== MATERIAL FOR THIS EXERCISE ==
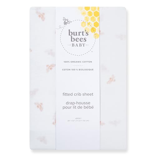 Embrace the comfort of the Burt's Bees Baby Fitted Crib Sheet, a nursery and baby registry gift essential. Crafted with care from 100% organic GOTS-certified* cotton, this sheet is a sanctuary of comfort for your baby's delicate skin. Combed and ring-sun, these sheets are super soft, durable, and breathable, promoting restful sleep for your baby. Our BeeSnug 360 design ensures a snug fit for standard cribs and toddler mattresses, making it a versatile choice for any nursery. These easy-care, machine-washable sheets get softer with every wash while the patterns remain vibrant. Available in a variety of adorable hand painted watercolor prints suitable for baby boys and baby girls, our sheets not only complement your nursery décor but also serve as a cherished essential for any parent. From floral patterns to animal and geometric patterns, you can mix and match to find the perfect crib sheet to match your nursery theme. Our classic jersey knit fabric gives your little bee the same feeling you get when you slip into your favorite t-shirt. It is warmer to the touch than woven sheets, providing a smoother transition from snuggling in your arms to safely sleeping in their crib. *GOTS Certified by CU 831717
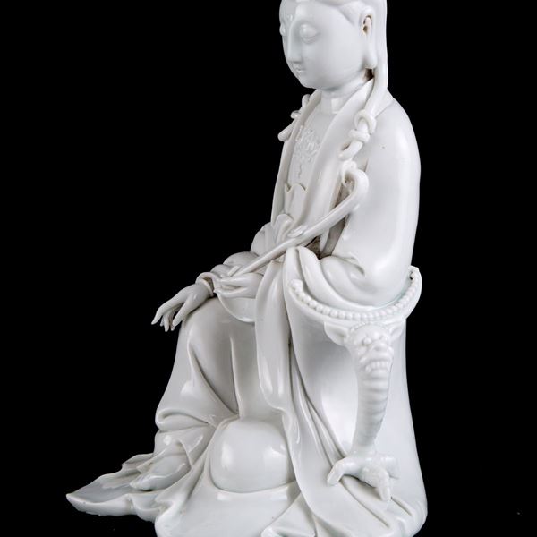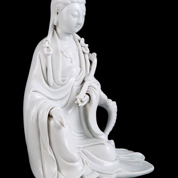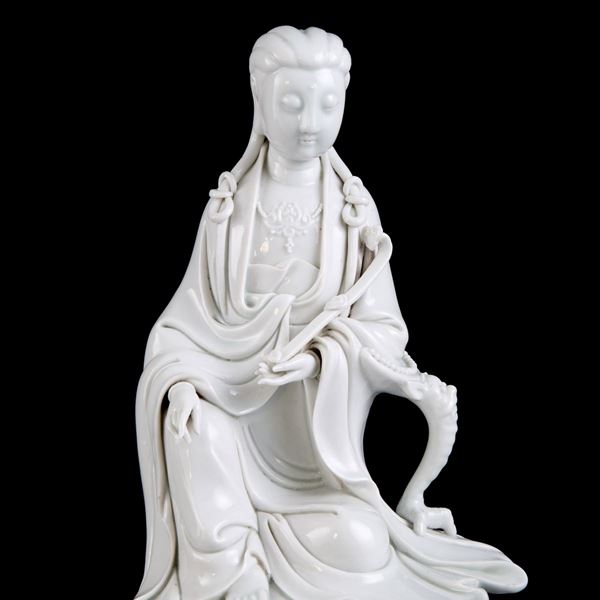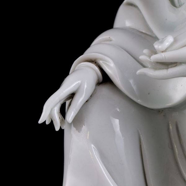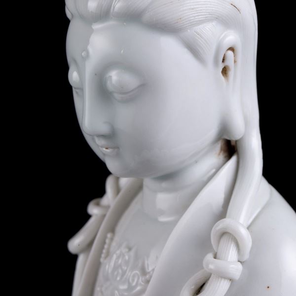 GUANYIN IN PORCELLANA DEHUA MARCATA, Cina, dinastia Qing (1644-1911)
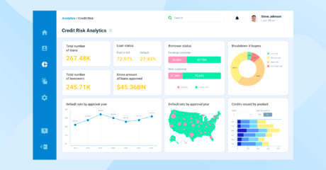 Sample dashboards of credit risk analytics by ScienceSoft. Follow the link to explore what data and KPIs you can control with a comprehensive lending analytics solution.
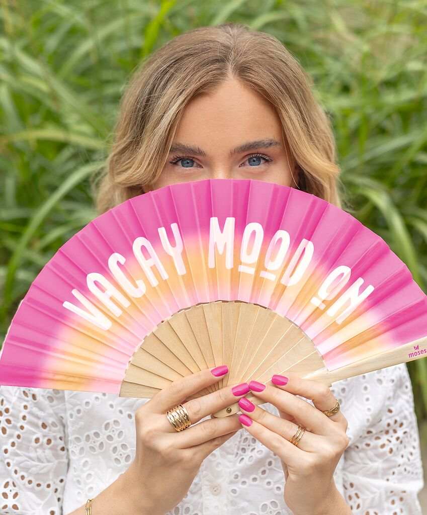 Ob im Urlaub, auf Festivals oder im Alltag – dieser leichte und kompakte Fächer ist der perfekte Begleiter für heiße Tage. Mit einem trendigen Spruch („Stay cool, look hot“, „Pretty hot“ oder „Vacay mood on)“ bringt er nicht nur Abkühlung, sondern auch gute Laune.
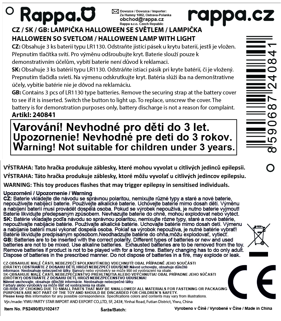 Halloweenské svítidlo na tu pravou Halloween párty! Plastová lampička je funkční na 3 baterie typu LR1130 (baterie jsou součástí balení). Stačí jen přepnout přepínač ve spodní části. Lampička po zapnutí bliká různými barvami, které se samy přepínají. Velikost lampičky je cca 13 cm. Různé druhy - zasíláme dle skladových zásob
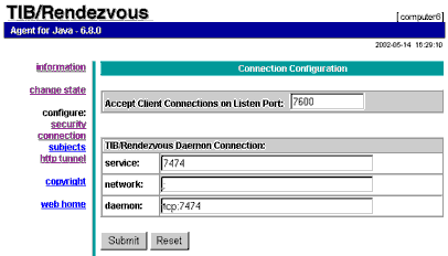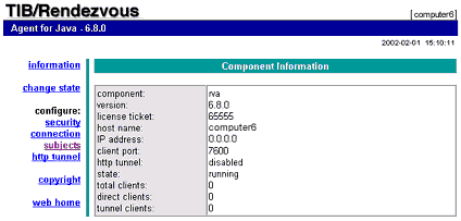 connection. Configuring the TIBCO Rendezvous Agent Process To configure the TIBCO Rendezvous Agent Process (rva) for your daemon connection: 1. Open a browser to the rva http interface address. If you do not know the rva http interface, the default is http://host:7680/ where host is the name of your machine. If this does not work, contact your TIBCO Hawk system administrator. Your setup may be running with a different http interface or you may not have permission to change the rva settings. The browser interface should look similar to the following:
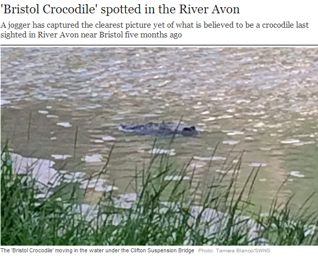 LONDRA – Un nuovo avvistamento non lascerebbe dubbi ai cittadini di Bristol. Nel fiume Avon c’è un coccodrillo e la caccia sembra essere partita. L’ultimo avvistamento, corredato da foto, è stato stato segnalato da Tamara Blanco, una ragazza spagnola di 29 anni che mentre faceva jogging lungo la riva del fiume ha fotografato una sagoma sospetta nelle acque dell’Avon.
...
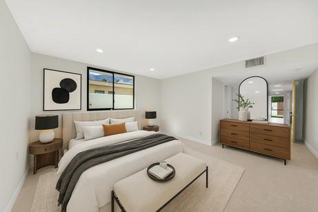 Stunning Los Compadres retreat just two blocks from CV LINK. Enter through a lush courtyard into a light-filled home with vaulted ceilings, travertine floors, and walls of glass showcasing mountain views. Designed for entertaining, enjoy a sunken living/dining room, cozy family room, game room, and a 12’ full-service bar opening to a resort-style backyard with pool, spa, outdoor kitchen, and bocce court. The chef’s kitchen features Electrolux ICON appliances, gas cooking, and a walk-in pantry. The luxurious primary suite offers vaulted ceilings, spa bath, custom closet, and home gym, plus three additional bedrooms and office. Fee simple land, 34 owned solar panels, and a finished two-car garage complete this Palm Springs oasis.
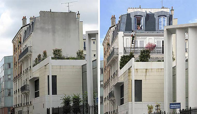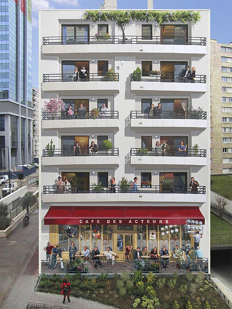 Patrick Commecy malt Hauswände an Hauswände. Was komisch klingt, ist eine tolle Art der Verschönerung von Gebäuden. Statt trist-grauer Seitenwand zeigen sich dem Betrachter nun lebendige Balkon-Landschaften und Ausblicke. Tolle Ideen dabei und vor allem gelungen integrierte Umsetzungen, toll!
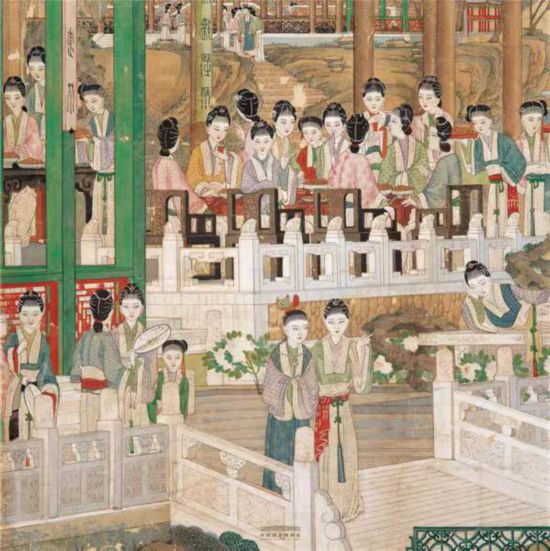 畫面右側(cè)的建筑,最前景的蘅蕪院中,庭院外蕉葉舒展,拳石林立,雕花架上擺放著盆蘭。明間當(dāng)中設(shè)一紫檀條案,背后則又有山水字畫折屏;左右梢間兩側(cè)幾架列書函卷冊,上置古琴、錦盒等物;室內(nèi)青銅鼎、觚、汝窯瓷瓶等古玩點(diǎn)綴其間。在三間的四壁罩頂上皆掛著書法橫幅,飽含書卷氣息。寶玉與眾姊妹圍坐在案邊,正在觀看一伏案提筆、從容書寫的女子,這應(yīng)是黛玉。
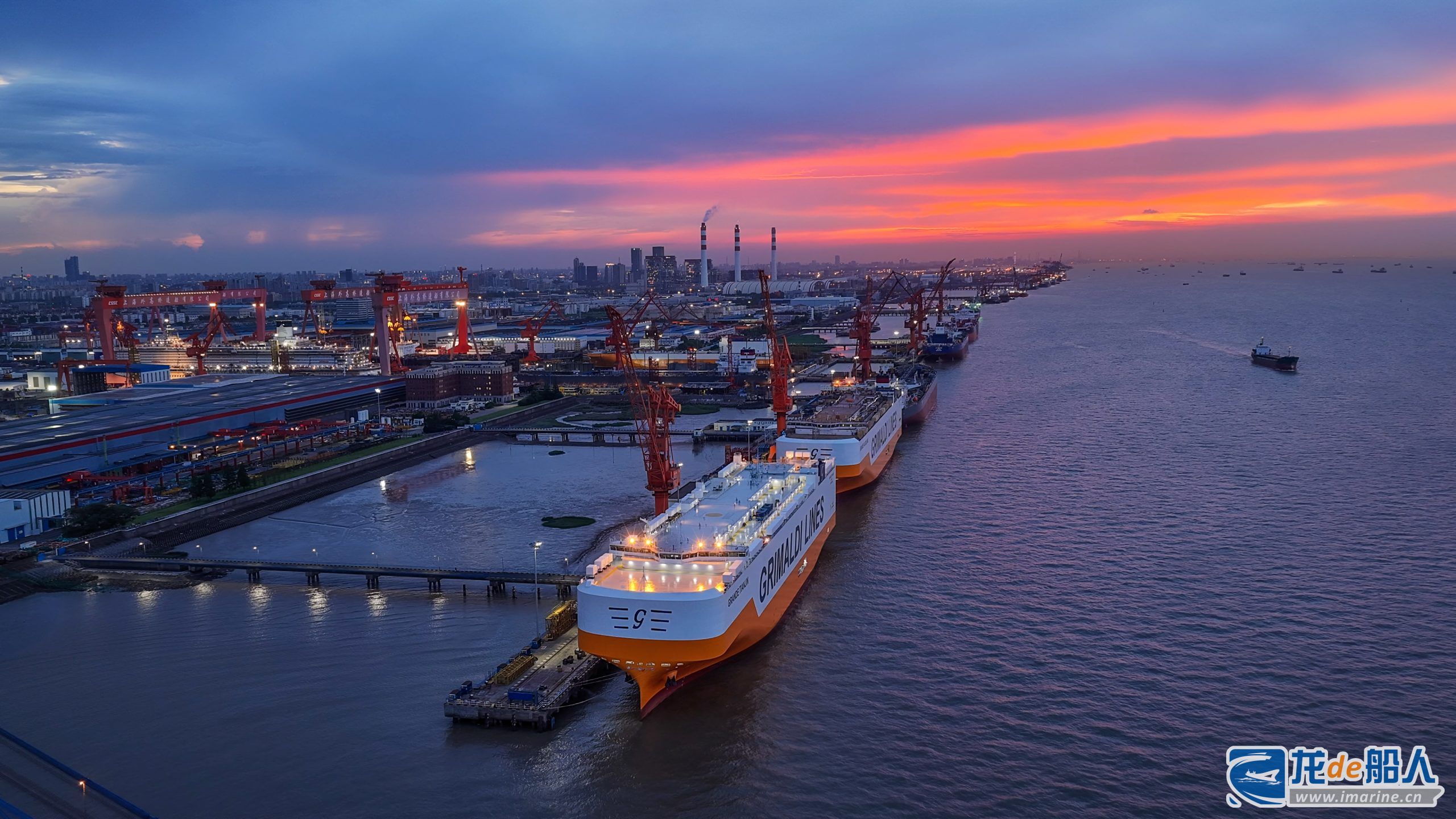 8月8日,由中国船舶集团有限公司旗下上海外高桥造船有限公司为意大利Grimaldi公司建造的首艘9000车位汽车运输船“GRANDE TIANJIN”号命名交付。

== WHAT IS EXPECTED ==
Reproduce the data above exactly, but only from the line containing "Ob im Urlaub, auf" through the line containing "Halloweenské svítidlo na". Omit all pictures.

== RESPONSE AREA ==
 Ob im Urlaub, auf Festivals oder im Alltag – dieser leichte und kompakte Fächer ist der perfekte Begleiter für heiße Tage. Mit einem trendigen Spruch („Stay cool, look hot“, „Pretty hot“ oder „Vacay mood on)“ bringt er nicht nur Abkühlung, sondern auch gute Laune.
 Halloweenské svítidlo na tu pravou Halloween párty! Plastová lampička je funkční na 3 baterie typu LR1130 (baterie jsou součástí balení). Stačí jen přepnout přepínač ve spodní části. Lampička po zapnutí bliká různými barvami, které se samy přepínají. Velikost lampičky je cca 13 cm. Různé druhy - zasíláme dle skladových zásob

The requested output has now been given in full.